Thanks works very well!

When I run it in my script both nilshg his solution and my code generate the right types!
I’m running with v1.6.2

Weird!

julia> function foo()
       lines = 5
       d::Dict{Int, Vector{Int}} = Dict([(k, []) for k in 1:lines])
       end;


julia> versioninfo()
Julia Version 1.6.1
Commit 6aaedecc44 (2021-04-23 05:59 UTC)
Platform Info:
  OS: Windows (x86_64-w64-mingw32)
  CPU: Intel(R) Core(TM) i5-8250U CPU @ 1.60GHz
  WORD_SIZE: 64
  LIBM: libopenlibm
  LLVM: libLLVM-11.0.1 (ORCJIT, skylake)

julia> foo()
Dict{Int64, Vector{Any}} with 5 entries:
  5 => []
  4 => []
  2 => []
  3 => []
  1 => []

I’ll check the history to see if some change would have affected this.

When I run your code in the REPL I get same result!
but in my script running:

    d::Dict{Int, Vector{Int}} = Dict(k => Int[] for k in 1:lines)
    @show typeof(d)

I get:
typeof(d) = Dict{Int64, Vector{Int64}}

Yes, your code has Int[] and mine does not.

This is expected because assignments in Julia always just return the right-hand side.

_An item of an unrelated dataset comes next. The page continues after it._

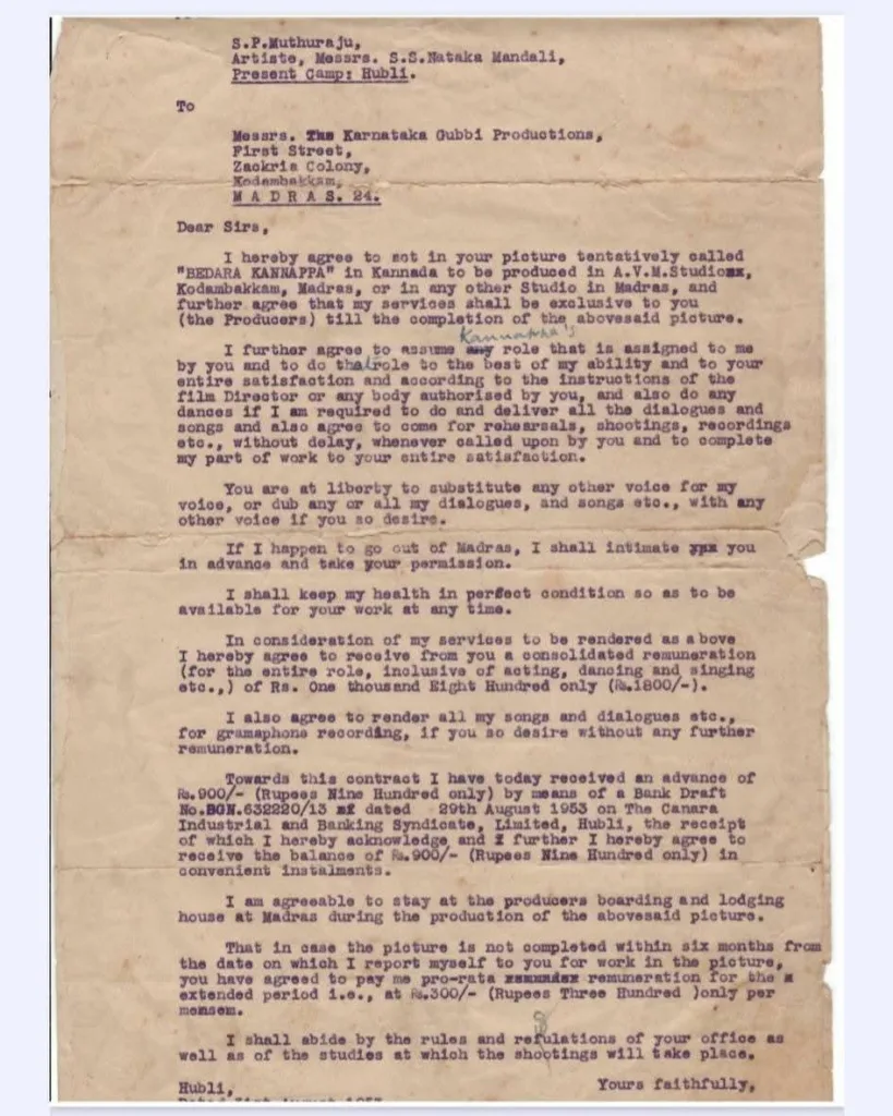 ಕರಾರಿನ ಪ್ರಕಾರವಾಗಿ ಬೇಡರ ಕಣ್ಣಪ್ಪ ಚಿತ್ರದ ಮುಖ್ಯ ಪಾತ್ರದಲ್ಲಿ ಅಭಿನಯಿಸಲು ಮುತ್ತುರಾಜ್ ಅವರಿಗೆ ಅಡ್ವಾನ್ಸ್ ರೂಪದಲ್ಲಿ 900 ರೂಪಾಯಿಗಳನ್ನು ಹುಬ್ಬಳ್ಳಿಯಲ್ಲಿನ ಕೆನರಾ ಇಂಡಸ್ಟ್ರಿಯಲ್ ಆಂಡ್ ಬ್ಯಾಂಕಿಂಗ್ ಸಿಂಡಿಕೇಟ್ ಬ್ಯಾಂಕ್ ಡ್ರಾಫ್ಟ್ ಮೂಲಕ ಹಣವನ್ನು ಕಳಿಸಲಾಯಿತು.

That means the return value of the expression d::Dict{Int, Vector{Int}} = Dict([(k, []) for k in 1:lines]) is unaffected by the type annotation on the left-hand side.

julia> function foo()
       lines = 5
       d::Dict{Int, Vector{Int}} = Dict([(k, []) for k in 1:lines])
       d
       end;

should do what you want.

2 Likes

Yes that makes it very clear, thanks very much to all!

Interesting!

The Dict{Int, Vector{Any}} is still materialized at some point before the conversion, right? So this code is still inefficient, right?